Eugène Veuillot authored around fifty works. A brilliant polemicist, he introduced the Ralliement to the Republic into the Catholic doctrine of "Veuillotism," as requested by Pope Leo XIII. During the Dreyfus Affair, he was initially hostile to Captain Alfred Dreyfus but was less antisemitic and less aggressive than La Croix, although he still participated in the general antisemitic sentiment of the time. After the discovery of the Henry forgery in September 1898, he supported revisiting the case, distinguishing himself from La Croix while remaining faithful to Catholicism. In L’Univers on October 10, 1899, he wrote that it was "absolutely unjust to extend to all Catholics, all priests, and all religious people the reproaches that could be justified by the attitude and language of some of them."
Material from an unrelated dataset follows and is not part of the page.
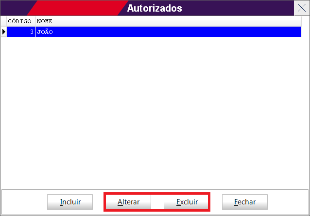 Nessa mesma janela é também possível alterar e excluir autorizados:
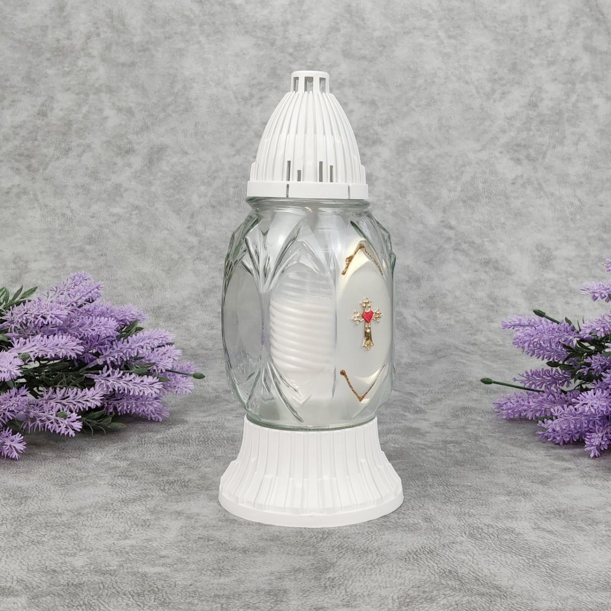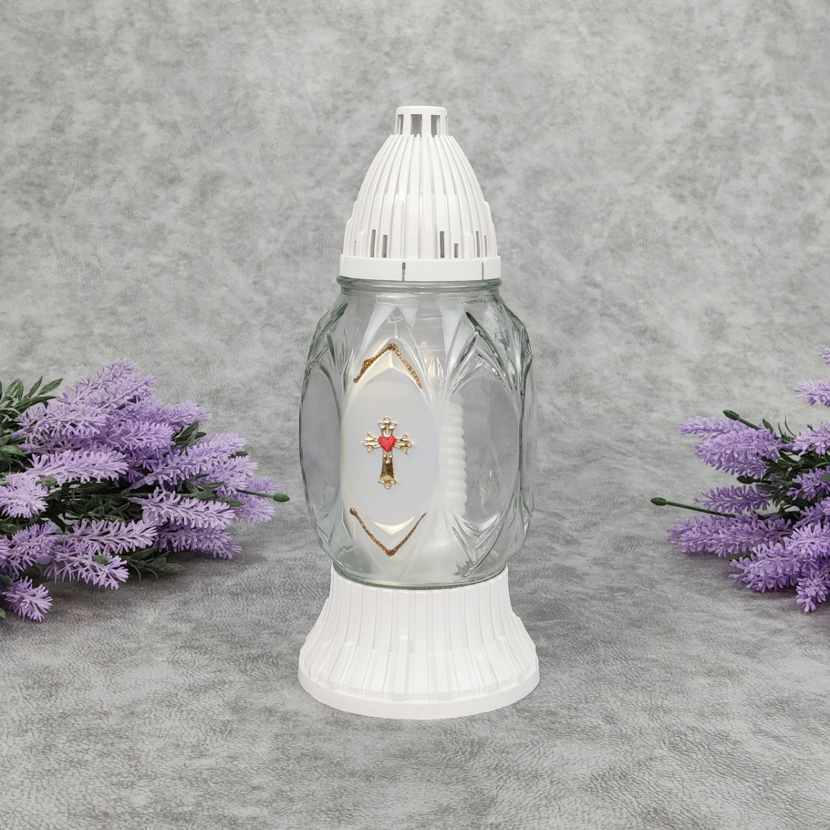 Лампадка - стриманий і символічний виріб, який запалюють на могилах померлих у пам’ять про померлих під час поминальних днів або особливих дат, що символізує незгасаючу пам’ять і молитовну підтримку душ. У християнстві лампадка є частиною як православних, так і католицьких традицій. Це простий, але виразний символ вічної шани до померлих, що втілює духовність і спокій. Матеріал: скло/пластик Час горіння свічки: ≈ 20 год Пакування: 8 шт Висота: 26 см Ширина: 11 см Глибина: 11 см Вага: 0,5 кг Призначено для використання: цвинтар, пам“ятні заходи та меморіали тільки зовнішнє використання простота у використанні, можливість зміни свічки без зміни лампадки може використовуватися як зі свічками, так і з лампами LED стійка основа забезпечує розміщення на різних поверхнях і мінімізує можливість перекидання

On October 4, 1858, in Paris, he married Louise d'Aquin (1837–1906), niece of Paul E. Poincy and sister of Anne-Lise d'Aquin, the wife of Dr. Charles Ozanam, brother of Frédéric Ozanam. This marriage linked two prominent Catholic families of the 19th century. He had five children, including Pierre Veuillot, also a journalist, and François Veuillot, who directed L’Univers from 1905 to 1912. Another child became an Augustinian nun. Eugène Veuillot was the grandfather of Cardinal Pierre Veuillot. His younger sister Élise Veuillot (1825–1911) was also a journalist.